Six new centers are taking applications from patients who want answers

By Emily Gurnon

Like most kids, Louise Benge of Brodhead, Ky., loved to play running games like Kick the Can and Ghosts in the Graveyard. But by the time she was 16, moving began to be painful. Severe pain in her hands led her to a doctor who diagnosed arthritis — though all the tests for arthritis were negative, she said.

In her 20s, Benge also had trouble sleeping and walking.

“My doctor didn’t know the cause,” she said. Each of her brothers and sisters also began coming down with the strange disorder, with similar pain. They suffered for years without answers.

A Glimmer of Hope

But Benge and her siblings are no longer in the dark about the cause of their illness. Benge’s primary care doctor referred them to the National Institutes of Health (NIH) Undiagnosed Diseases Program. “NIH doctors found that our problem was due to ACDC, a rare genetic disorder that allows calcium to build up in the arteries below the waist and in the hands,” she said.

Benge told her story to reporters as part of a July 2014 press briefing by the NIH Undiagnosed Diseases Network (UDN), when NIH announced the funding of six clinical centers around the country that would review cases of patients whose symptoms had stymied other doctors.

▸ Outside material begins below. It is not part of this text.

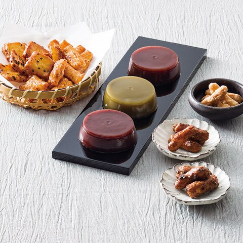 ■商品内容:かりんとう40g(黒胡麻・落花生各1袋)・羊かん60g(抹茶・練り・小倉各1個)

The centers are now open and operating and the NIH has instituted a streamlined, online application process for people interested in joining.

The centers are located at Baylor College of Medicine in Houston; the Harvard Teaching Hospitals, including Brigham and Women’s; Mass General and Boston Children’s Hospital; Duke University in Durham, N.C.; Stanford Medicine in California; University of California, Los Angeles and Vanderbilt University Medical Center in Nashville. The center where a pilot project took place, which still accepts patients, is at the NIH Clinical Center in Bethesda, Md.

Goals of the Project

The UDN has three main goals, according to Dr. Anastasia Wise, an NIH program director and the coordinator for the working group of the NIH Common Fund, which manages the program.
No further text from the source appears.